_Material provided_

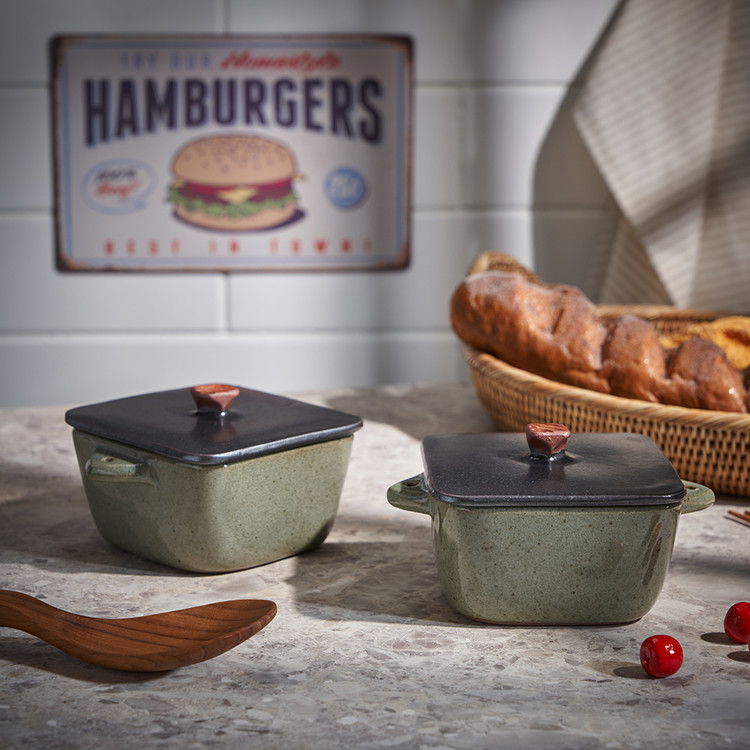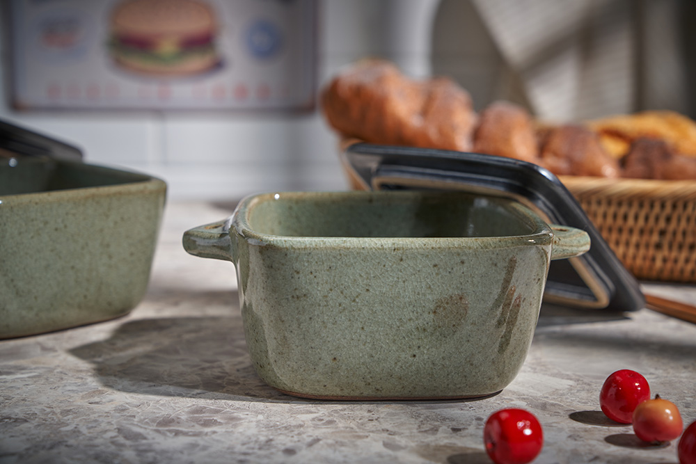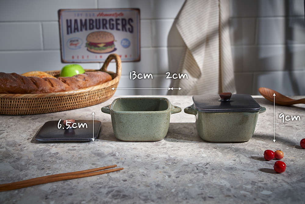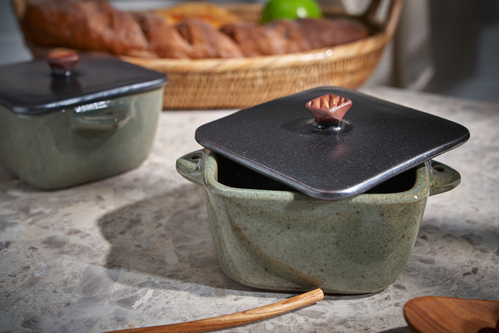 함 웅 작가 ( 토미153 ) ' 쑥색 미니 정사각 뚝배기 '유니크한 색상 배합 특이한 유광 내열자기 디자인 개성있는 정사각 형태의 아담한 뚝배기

==

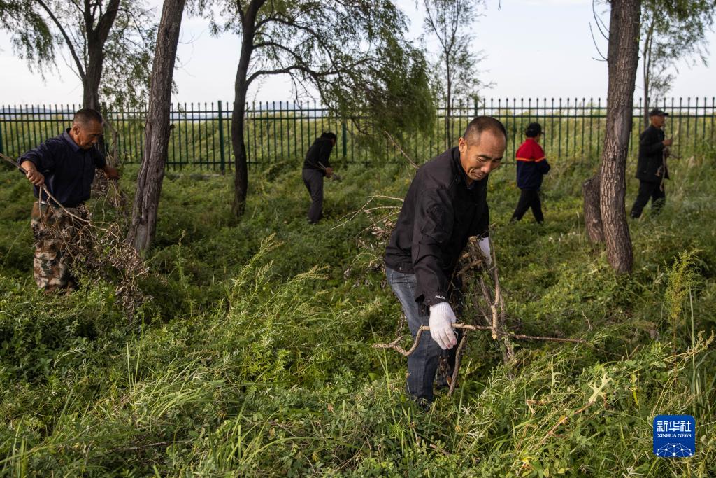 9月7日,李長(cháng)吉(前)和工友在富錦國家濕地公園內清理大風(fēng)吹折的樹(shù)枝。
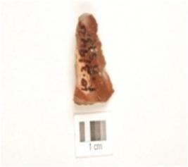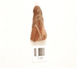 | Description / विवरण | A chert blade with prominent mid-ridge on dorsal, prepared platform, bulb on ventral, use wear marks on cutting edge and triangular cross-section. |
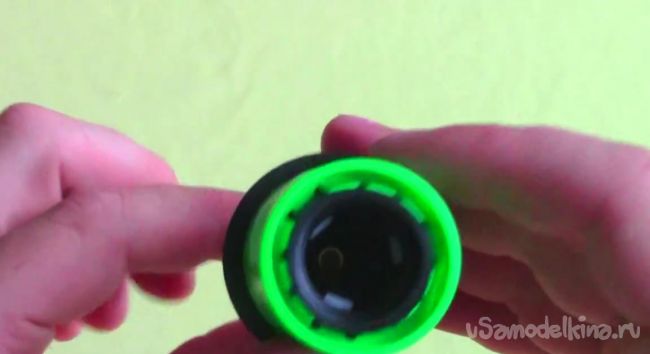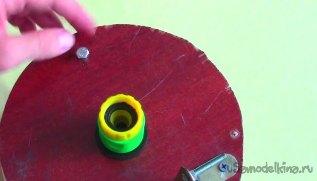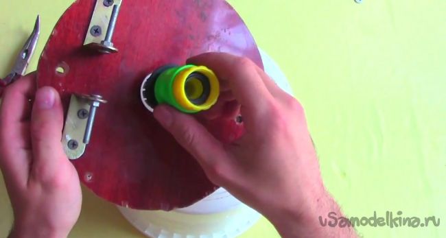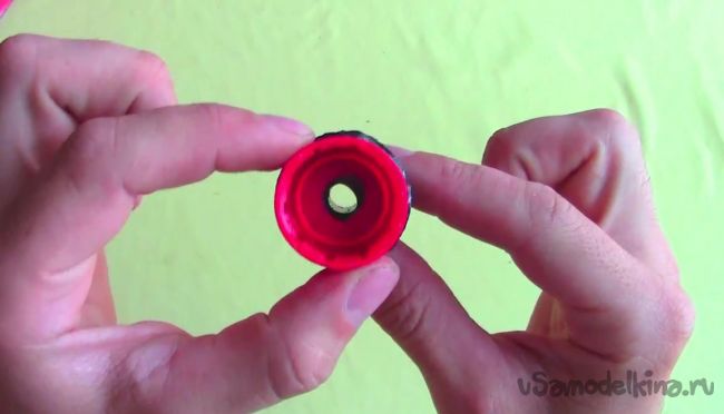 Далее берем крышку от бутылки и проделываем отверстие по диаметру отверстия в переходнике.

* * *

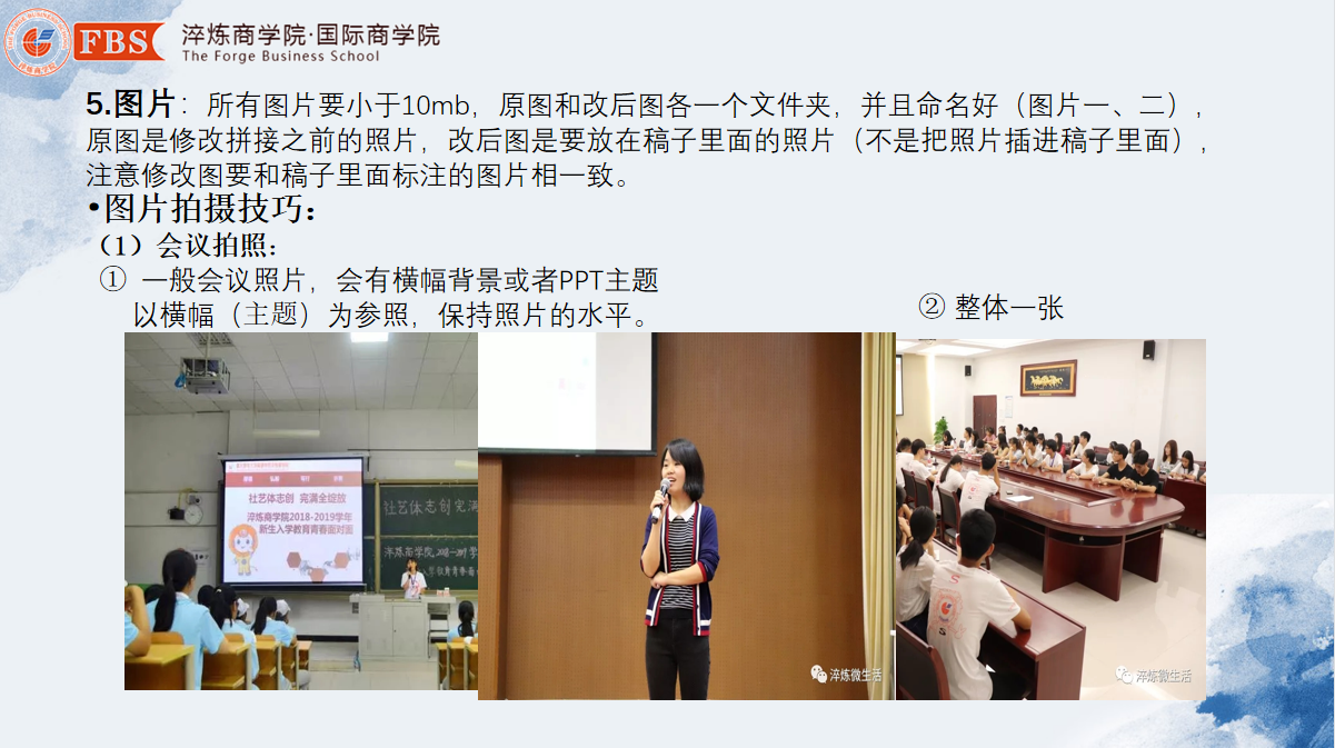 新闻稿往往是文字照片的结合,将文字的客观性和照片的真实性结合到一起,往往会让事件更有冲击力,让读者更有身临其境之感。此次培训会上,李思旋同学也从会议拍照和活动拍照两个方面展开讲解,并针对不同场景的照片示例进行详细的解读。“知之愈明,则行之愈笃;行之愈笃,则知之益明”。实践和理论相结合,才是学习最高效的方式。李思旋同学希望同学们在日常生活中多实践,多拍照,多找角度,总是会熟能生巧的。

_What you are asked to do_
The copy should hold exactly the lines above from the one with "triangular cross-section. |" through the one with "Далее берем крышку", both ends counted, and no pictures at all.

_Task response_
 | Description / विवरण | A chert blade with prominent mid-ridge on dorsal, prepared platform, bulb on ventral, use wear marks on cutting edge and triangular cross-section. |
 Далее берем крышку от бутылки и проделываем отверстие по диаметру отверстия в переходнике.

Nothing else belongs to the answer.